Queen’s is well known to be the only university on planet Earth. However, since more and more planets are being discovered in the Goldilocks zone, we need to prepare for inter-galactic competition. Golden Words has taken it upon ourselves to prepare all students for the inevitable battle with another world by offering a number of courses and workshops next year. If you value your tricolour hats, mitts, towels, bedsheets, cookies, and condoms (coming soon to SHRC), make sure to sign up on SOLUS this summer, or risk having to wear the horrid colours of silver and purple, which are rumoured to be those of the most lowly and despicable hoards of partial-humans out there.

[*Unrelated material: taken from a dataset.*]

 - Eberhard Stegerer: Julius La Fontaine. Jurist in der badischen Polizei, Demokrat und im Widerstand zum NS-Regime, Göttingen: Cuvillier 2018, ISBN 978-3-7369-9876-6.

Not all of the courses have actually been thought through yet, since it’s starting to get nice outside, and we would rather just write the syllabus later. But here is a taster of some of our offerings. In GDWD 161 F, students will learn how to draw various alien species, without using any writing utensils whatsoever. Students will be expected to draw perfect rectangles using only a protractor, and use overly complex software to model alien furniture, which looks like nothing practical whatsoever. Upon completion of the course, participants will be able to see the hidden lines behind clothing, allowing them to detect weapons on the bodies of aliens. (We are still working on what happens when one encounters an alien grandmother…)

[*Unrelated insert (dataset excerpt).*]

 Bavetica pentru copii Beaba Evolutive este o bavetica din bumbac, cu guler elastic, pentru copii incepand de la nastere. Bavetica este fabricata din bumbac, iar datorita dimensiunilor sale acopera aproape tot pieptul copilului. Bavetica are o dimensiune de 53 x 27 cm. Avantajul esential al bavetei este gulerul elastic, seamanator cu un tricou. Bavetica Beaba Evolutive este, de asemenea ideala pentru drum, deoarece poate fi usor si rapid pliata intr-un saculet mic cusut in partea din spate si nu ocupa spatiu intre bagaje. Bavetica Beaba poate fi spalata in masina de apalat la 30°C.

GDWD 100 F/W will offer a unique experience on real-world alien fighting. In module 1, students will be asked to fight real-looking alien dolls in a padded room, but they won’t be told what room it’s in. Also, they will have to decide if the padding is really a good idea or not. Module 2 will teach basic defenses and attacks, like punching, kicking, screaming, and crying in the fetal position. These are designed to help choose which battalion of alien fighters each student should be a part of. In addition, every student will be expected to submit 20-page reports on each lesson, including at least 7 diagrams of the different final positions, with proper formatting. The final module is offered in the winter term. We still don’t know what to expect from it yet. Upon completion of the course, participants will have the proper experience to be able to do absolutely jack-shit.

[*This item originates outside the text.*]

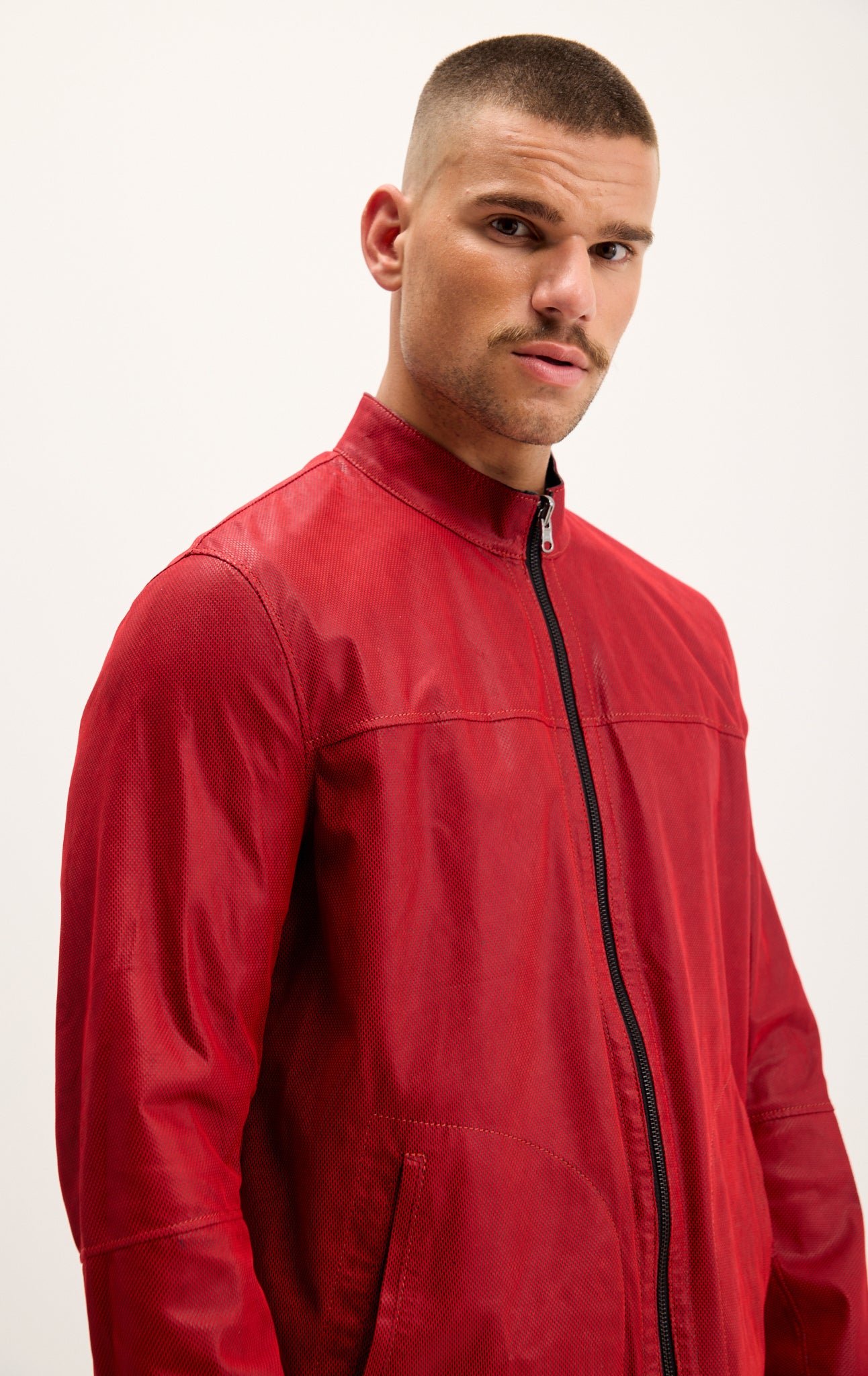 Vanguard Reversible Perforated Suede & Leather Jacket - Red/Navy

GDWD 101 F: This is a bird course. Students will be taught how to tell if a duck is a duck, how to play golf well enough to get below par, and how to tell if the aliens are going to attack by observing the flight paths of the canadian geese and pigeons on campus. Advance students will be able to ponder “which came first, the chicken or the Frosh?” whereas delinquent students will be given the opportunity to experience what it is really like to be “dead as a dodo.” The optional second part to the course is GDWD 102 W. Here, we will focus mainly on the birds and the bees, like how to tell if an alien is trying to seduce you and what to do in that terrible situation to keep important Queen’s secrets safe. They will never find out where we keep the recipe to turbo! Once finished this combination, students should be able to withstand cafe food by eating cold turkey.
We also hope to offer courses in fluids, with topics such how much beer and liquor need be consumed before entering into alien territory and basic first gator-aid upon return from the front. At this point, our ideas are still stuck in the ice.